To establish a confidential or fiduciary relationship, it must be shown that the relationship was so "pregnant with opportunity for abuse and unfairness" as to require equity to intervene and scrutinize the transaction (see Sharp v Kosmalski, 40 NY2d 119 [1976]). Merely being social friends or having a close family relationship is insufficient to establish a confidential or fiduciary relationship (see Bontecou v Goldman, 103 AD2d 732 [2d Dept. 1984]; Prado v De LaTorre, 194 AD2d 656 [2d Dept. 1993]; Meltzer v Koenigsberg, 99 NYS2d 143 [Sup. Ct., Kings Cnty. 1950], aff'd 277 AD 1050 [2d Dept. 1950]).

The complaint alleges that over the last 21 years the Bekases and Valiotises have had a confidential and fiduciary relationship based on numerous business transactions, including a 1992 foreclosure transaction with the Bank of Leumi whereby the Bekases held a security interest and certain co-op shares on behalf of defendant. Plaintiff allegedly released the shares without any consideration paid by defendant. The remaining transactions, which plaintiff does not address in opposition to this motion, cannot be used to establish a fiduciary relationship with defendant as the transactions were with non-party Mr. Valiotis and not defendant. Moreover, at least four New York courts have already deemed the transactions to be legitimate arm's length business transactions between business persons and not the result of a fiduciary relationship between Mr. Bekas and Mr. Valiotis. Thus, the doctrines of res judicata and collateral estoppel preclude plaintiff from relitigating the same issue.
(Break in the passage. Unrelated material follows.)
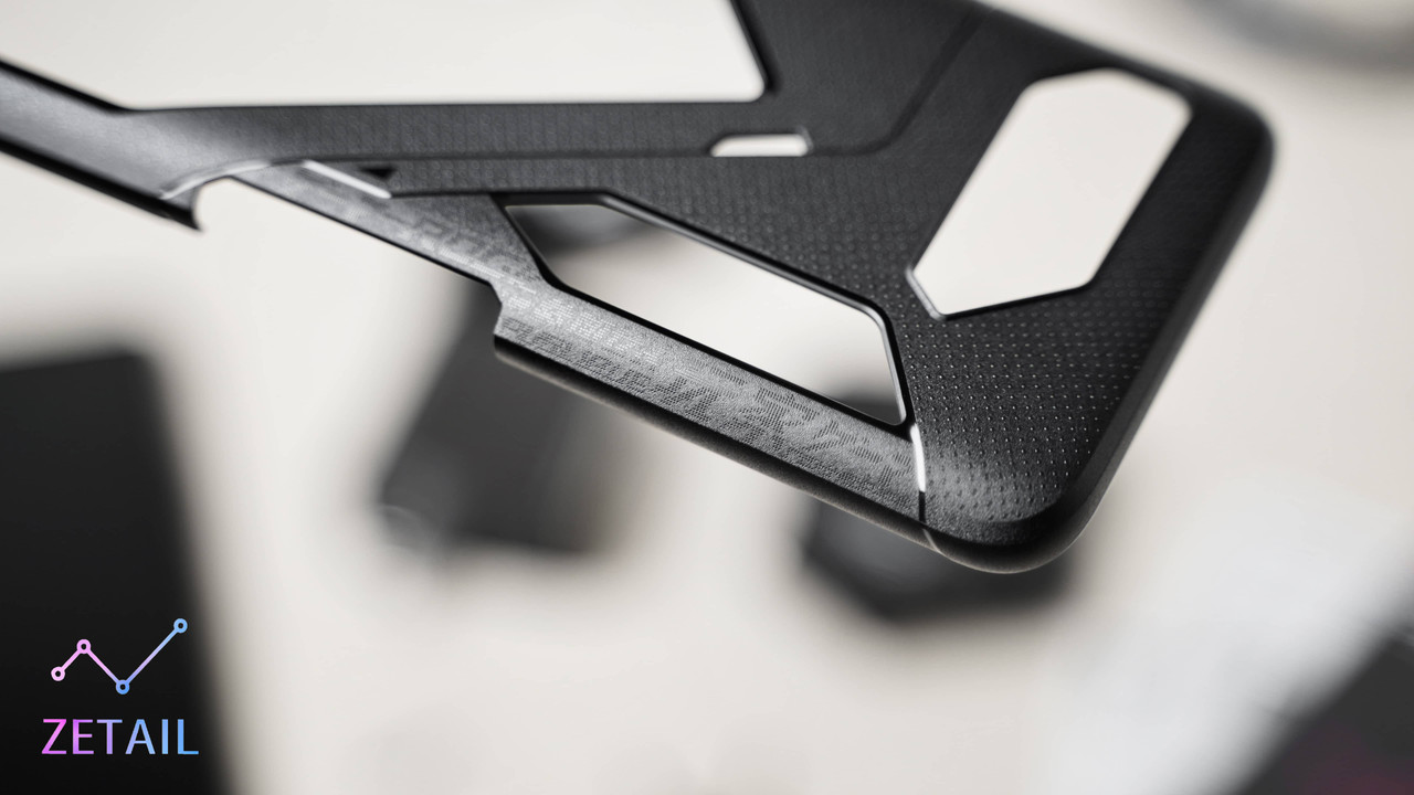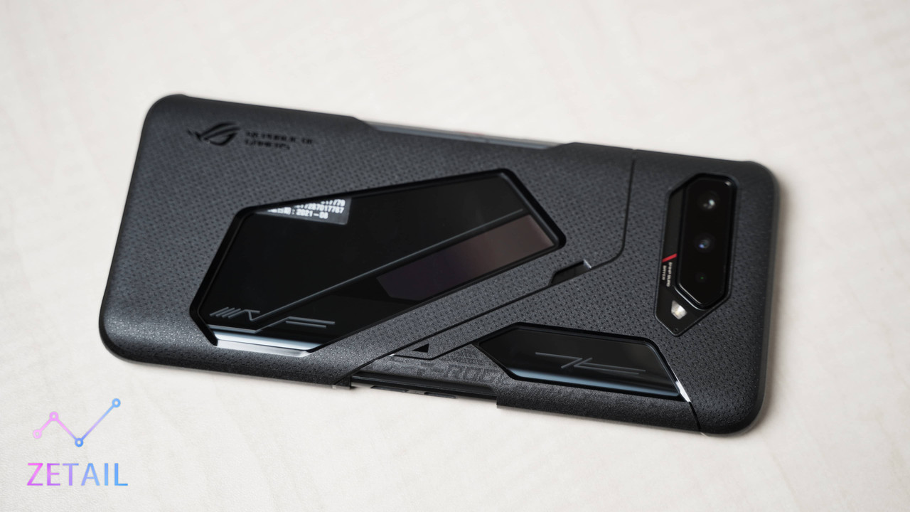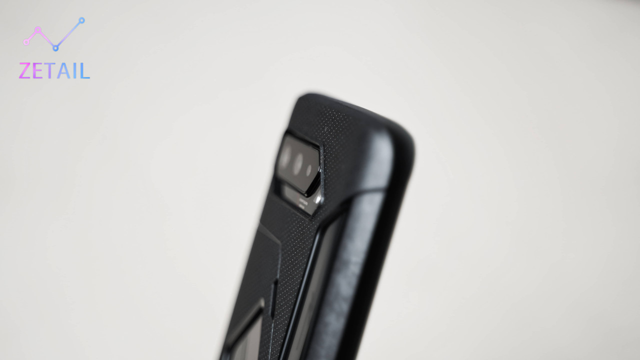 有在關注 ROG Phone 系列的消費者,應該會注意到機身背面的散熱開孔面積一代比一代小,到了今年的 ROG Phone 5s Pro 甚至是完全拿掉了,可能是對散熱表現的提升感到自信,又或是為了降低生產難度、提高產品良率,雖然我覺得把如此有辨識度的設計取消很可惜,但往好處想,這樣也代表 5s Pro 有著更好的結構強度、機身一體性與密封性。

Regarding the single transaction with the Bank of Leumi, the documents annexed in opposition, demonstrate that the Bank of Leumi transaction was between plaintiff and Alma Realty, a company owned by Mr. Valiotis. Additionally, the Financing Statement is signed only by Mr. Valiotis. As the documentary evidence demonstrates that the transaction did not even involve defendant, such transaction is insufficient to establish a confidential or fiduciary relationship between plaintiff and defendant. Moreover, no evidence has been put forth to suggest that defendant had superior expertise than plaintiff to establish a fiduciary or confidential relationship necessary to impose a constructive trust.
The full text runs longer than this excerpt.